» **PROVIDED DATA**
-*-

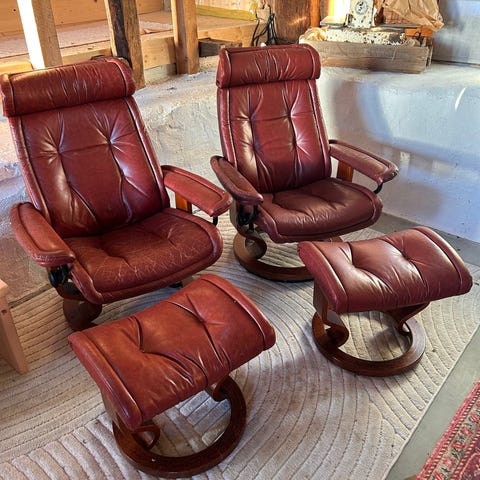 Stressless stol i skinn fra Ekornes, med fotskammel. Noe slitasje(se bilder)
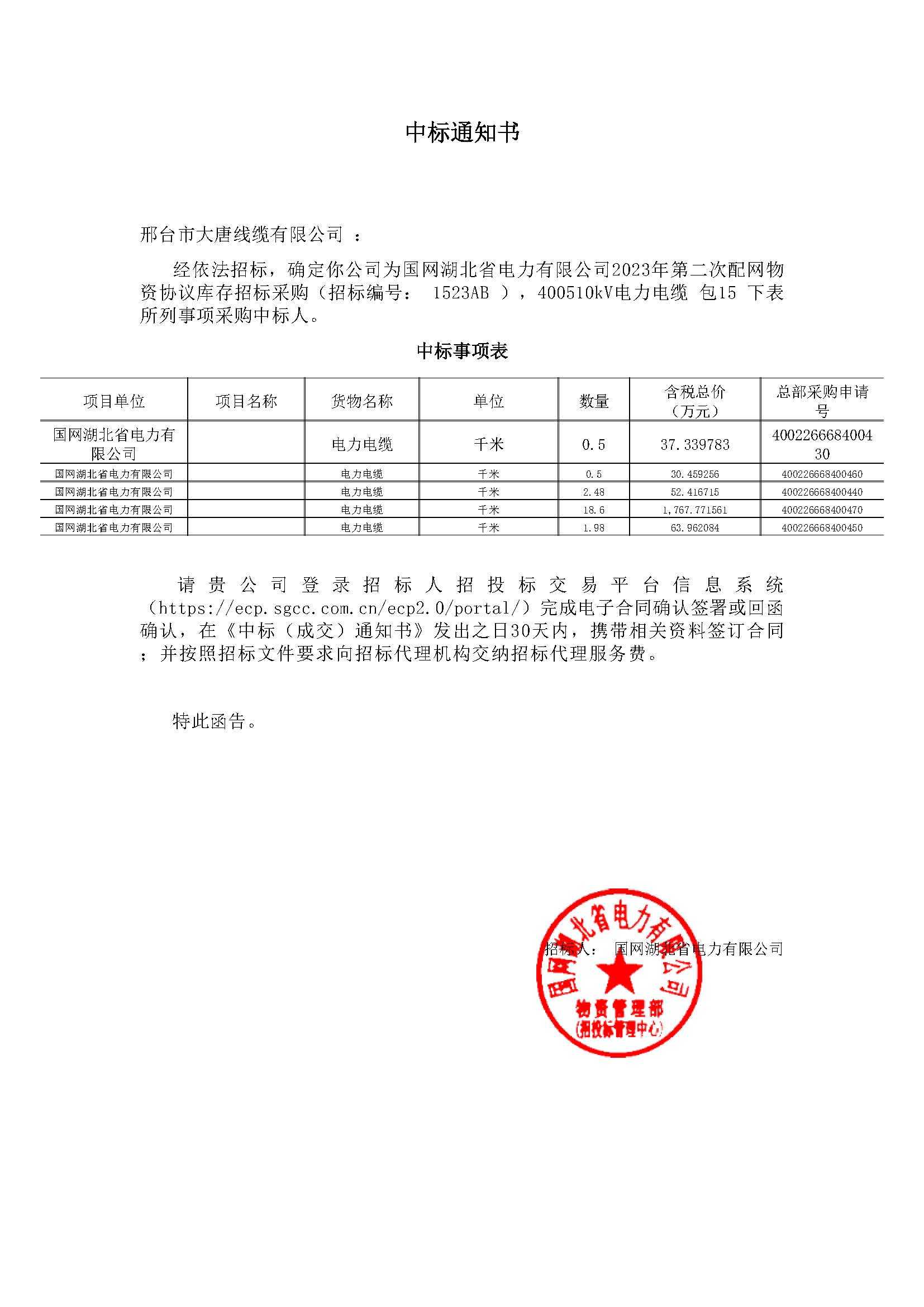 祝賀我公司于2023年在國網(wǎng)湖北省電力公司2023年第二次配網(wǎng)物資協(xié)議庫存招標(biāo)采購項目中成為中標(biāo)廠家。中標(biāo)金額1951.94萬元。感謝國網(wǎng)湖北省電力公司一直以來對我公司的支持及認(rèn)可,我公司會以過硬的產(chǎn)品品質(zhì)和良好的服務(wù)態(tài)度,服務(wù)國家電力建設(shè)!
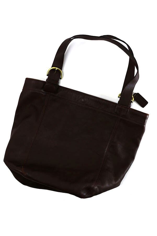 Used 80s USA COACH Dark Brown Grab Leather Big Size Sholder Tote Bag 古着

-*-

» **WHAT THIS TASK INVOLVES**
The data needs to be reproduced exactly, please, apart from its pictures.

» **RESPONSE AREA**
 Stressless stol i skinn fra Ekornes, med fotskammel. Noe slitasje(se bilder)
 祝賀我公司于2023年在國網(wǎng)湖北省電力公司2023年第二次配網(wǎng)物資協(xié)議庫存招標(biāo)采購項目中成為中標(biāo)廠家。中標(biāo)金額1951.94萬元。感謝國網(wǎng)湖北省電力公司一直以來對我公司的支持及認(rèn)可,我公司會以過硬的產(chǎn)品品質(zhì)和良好的服務(wù)態(tài)度,服務(wù)國家電力建設(shè)!
 Used 80s USA COACH Dark Brown Grab Leather Big Size Sholder Tote Bag 古着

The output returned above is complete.